Keith J. Dreyer, DO, PhD

While wide use of data mining did not emerge until the prevalence of the Internet, it is steadily finding its niche in the world of health care and, more specifically, radiology. Defined as an information distilling process with the goal of extracting useable knowledge from radiology images and reports, radiology data mining is the cornerstone to better workflow optimization, outcomes analysis, and even the discovery of new diseases. The Massachusetts General Hospital Department of Radiology recently has developed a knowledge extraction technology known as LEXIMER (Lexicon Mediated Entropy Reduction), designed to optimize radiology data mining.

A modern radiological examination can generate up to thousands of images, as well as a wealth of detailed ordering and demographic data, and a lengthy text report from the radiologist. Embedded within this report may be numerous positive findings and recommendations. This is the data in its rawest form.

Depending on the size of the institution, a radiology department can perform between 100 and 5,000 examinations daily, generating a myriad of images, patient data, report text, findings, and recommendations. Massachusetts General Hospital’s radiology department has produced and archived billions of raw images and words. The sheer volume of data generated makes the task of distilling any knowledge a considerable computational challenge.

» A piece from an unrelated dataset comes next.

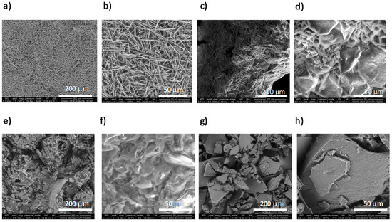 SEM images of xerogels at the mgc of: (a,b) cis-2 from methanol; (c,d) trans-2 from methanol; (e,f) 4 from acetone; (g,h) 4 from pentane, at two magnifications each (200 and 50 μm).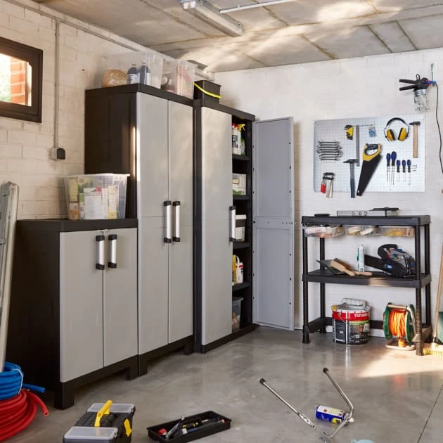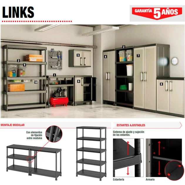 Incluye: 2 patas de nivelaciónpara suelos irregulares. Guías para cajas de plástico a fin de añadir espacio de almacenamiento adicional.

Here is a simple example of this conversion of data to knowledge. There are thousands of ways to describe an infarction of the brain within a radiology report. Size, shape, chronicity, severity, location, and hemorrhage are just a few examples of categorization axes used to organize the thousands of defining terms. If one wanted to search for all patients ever presented with acute hemorrhagic infarcts (say, to determine a deleterious side effect of a medication dosage) without a data mining system, the task would require meticulous chart review of millions of examinations. Alternatively, a radiology optimized data mining solution would resolve the thousands of expressive terms to simple categories including Infarction, Acute and Hemorrhagic, and subsequently provide accurate patient lists within seconds. This is how raw data is converted into information for the purpose of knowledge derivation.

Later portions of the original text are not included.